When splitting a node into left and right children:

```text
VarReduction = MSE(parent) - [w_L * MSE(left) + w_R * MSE(right)]

where:
w_L = n_left / n_total  (weight of left child)
w_R = n_right / n_total (weight of right child)
```

**Goal**: Maximize variance reduction → find best split

**Analogy to Classification**:
- MSE for regression ≈ Gini impurity for classification
- Variance reduction ≈ Information gain
- Both measure "purity" of nodes

#### Regression Tree Building

**Recursive Algorithm**:
```text
function BuildRegressionTree(X, y, depth, max_depth):
    if stopping_criterion_met:
        return Leaf(mean(y))

    best_split = find_best_split(X, y)  # Maximize VarReduction

    if no_valid_split or depth >= max_depth:
        return Leaf(mean(y))

    X_left, y_left, X_right, y_right = partition(X, y, best_split)

    return Node(
        feature = best_split.feature,
        threshold = best_split.threshold,
        left = BuildRegressionTree(X_left, y_left, depth+1, max_depth),
        right = BuildRegressionTree(X_right, y_right, depth+1, max_depth)
    )
```

**Stopping Criteria**:
1. All samples have same target value (variance = 0)
2. Reached max_depth
3. Node has too few samples (min_samples_split)
4. No split reduces variance

#### MSE vs Gini Criterion Comparison

| Aspect | MSE (Regression) | Gini (Classification) |
|--------|------------------|----------------------|
| **Task** | Continuous prediction | Class prediction |
| **Range** | [0, ∞) | [0, 1] |
| **Pure node** | MSE = 0 (constant target) | Gini = 0 (single class) |
| **Impure node** | High variance | Gini ≈ 0.5 |
| **Split goal** | Minimize MSE | Minimize Gini |
| **Leaf prediction** | Mean of y | Majority class |
| **Evaluation** | R² score | Accuracy |

---

## Implementation in Aprender

### Example 1: Simple Binary Classification

```rust,ignore
use aprender::tree::DecisionTreeClassifier;
use aprender::primitives::Matrix;

// XOR-like problem (not linearly separable)
let x = Matrix::from_vec(4, 2, vec![
    0.0, 0.0,  // Class 0
    0.0, 1.0,  // Class 1
    1.0, 0.0,  // Class 1
    1.0, 1.0,  // Class 0
]).unwrap();
let y = vec![0, 1, 1, 0];

// Train decision tree with max depth 3
let mut tree = DecisionTreeClassifier::new()
    .with_max_depth(3);

tree.fit(&x, &y).unwrap();

// Predict on training data (should be perfect)
let predictions = tree.predict(&x);
println!("Predictions: {:?}", predictions); // [0, 1, 1, 0]

let accuracy = tree.score(&x, &y);
println!("Accuracy: {:.3}", accuracy); // 1.000
```

**Test Reference**: `src/tree/mod.rs::tests::test_build_tree_simple_split`

### Example 2: Multi-Class Classification (Iris)

```rust,ignore
// Iris dataset (3 classes, 4 features)
// Simplified example - see case study for full implementation

let mut tree = DecisionTreeClassifier::new()
    .with_max_depth(5);

tree.fit(&x_train, &y_train).unwrap();

// Test set evaluation
let y_pred = tree.predict(&x_test);
let accuracy = tree.score(&x_test, &y_test);
println!("Test Accuracy: {:.3}", accuracy); // e.g., 0.967
```

**Case Study**: See [Decision Tree - Iris Classification](../examples/decision-tree-iris.md)
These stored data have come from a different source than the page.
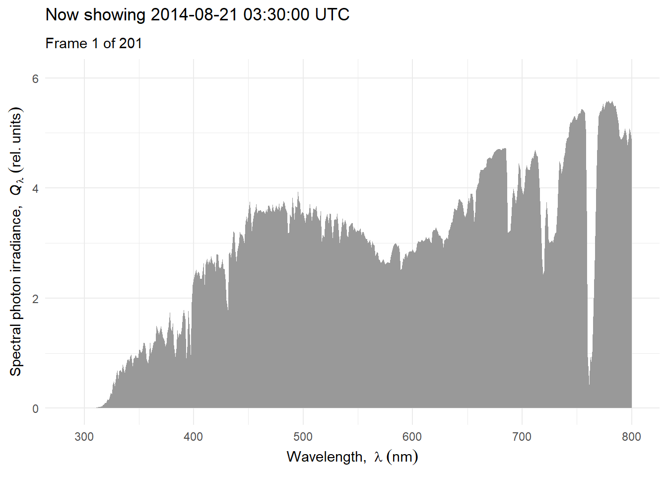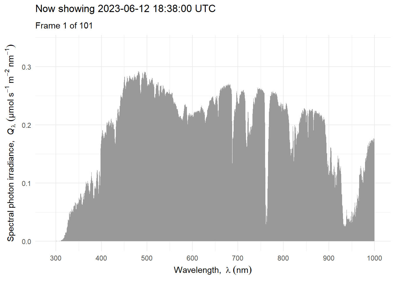 Above we have ignored the effects of clouds and relied heavily on simulations for clear-sky conditions. Next we will consider the effect of clouds and use as examples measurements and simulations that include the effect of clouds. We will consider variation at different time scales. We start with a time series of hourly mean spectra for one day, scaled to equal PAR photon irradiance to illustrate how the shape of the spectrum can change during the course of day Figure 4.21.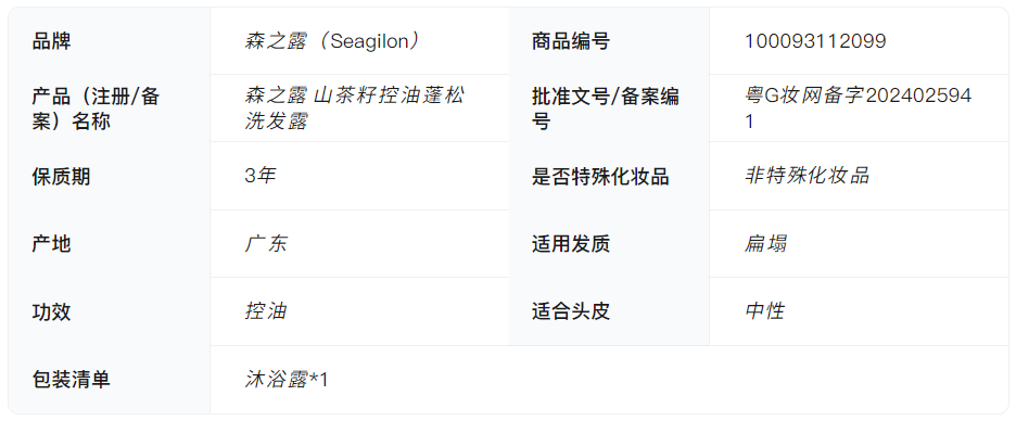 Seagilon 森之露山茶籽控油蓬松洗发水 520ml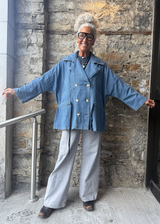 Light Wash Denim Car Coat Jacket with Draw String Waist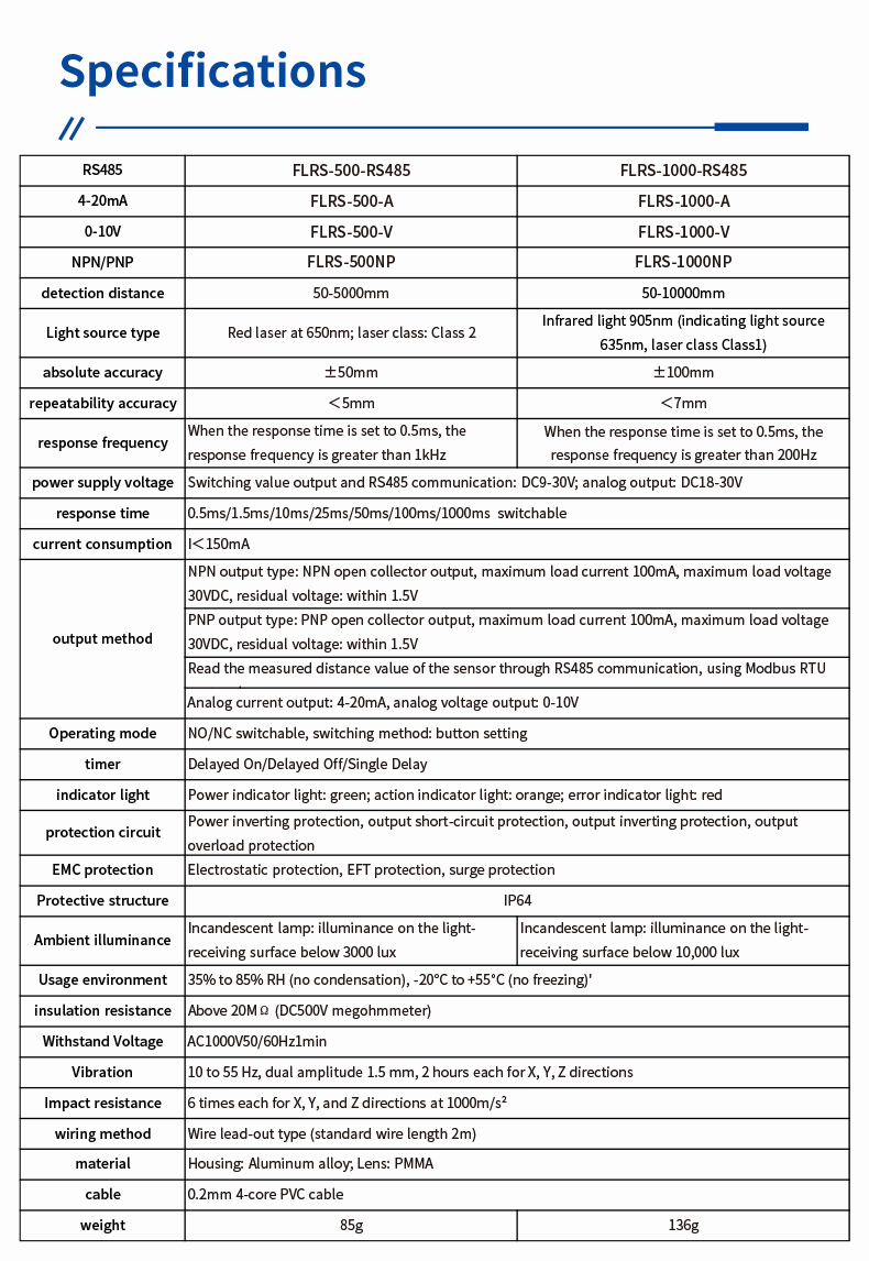 Dibina dengan perlindungan pelbagai lapisan-termasuk perlindungan elektrostatik, EFT, dan lonjakan-siri FLRS melindungi peralatan anda dan meningkatkan keselamatan operasi. Reka bentuk pengukuran dan kawalan bersepadu yang kompak, meminimumkan keperluan ruang dan mengurangkan kerumitan pendawaian, menawarkan kedua -dua kecekapan dan kemudahan pemasangan. Pilih dari model seperti FLRS-1000-RS485 (50-10,000 mm) atau FLRS-500-RS485 (50-5,000 mm) untuk memenuhi keperluan julat khusus anda.

### Example 3: Regression (Housing Prices)

```rust,ignore
use aprender::tree::DecisionTreeRegressor;
use aprender::primitives::{Matrix, Vector};

// Housing data: [sqft, bedrooms, age]
let x = Matrix::from_vec(8, 3, vec![
    1500.0, 3.0, 10.0,  // $280k
    2000.0, 4.0, 5.0,   // $350k
    1200.0, 2.0, 30.0,  // $180k
    1800.0, 3.0, 15.0,  // $300k
    2500.0, 5.0, 2.0,   // $450k
    1000.0, 2.0, 50.0,  // $150k
    2200.0, 4.0, 8.0,   // $380k
    1600.0, 3.0, 20.0,  // $260k
]).unwrap();

let y = Vector::from_slice(&[
    280.0, 350.0, 180.0, 300.0, 450.0, 150.0, 380.0, 260.0
]);

// Train regression tree
let mut tree = DecisionTreeRegressor::new()
    .with_max_depth(4)
    .with_min_samples_split(2);

tree.fit(&x, &y).unwrap();

// Predict on new house: 1900 sqft, 4 bed, 12 years
let x_new = Matrix::from_vec(1, 3, vec![1900.0, 4.0, 12.0]).unwrap();
let predicted_price = tree.predict(&x_new);
println!("Predicted: ${:.0}k", predicted_price.as_slice()[0]);

// Evaluate with R² score
let r2 = tree.score(&x, &y);
println!("R² Score: {:.3}", r2); // e.g., 0.95+
```

**Key Differences from Classification**:
- Uses `Vector<f32>` for continuous targets (not `Vec<usize>` classes)
- Predictions are continuous values (not class labels)
- Score returns R² instead of accuracy
- MSE criterion splits on variance reduction

**Test Reference**: `src/tree/mod.rs::tests::test_regression_tree_*`

**Case Study**: See [Decision Tree Regression](../examples/decision-tree-regression.md)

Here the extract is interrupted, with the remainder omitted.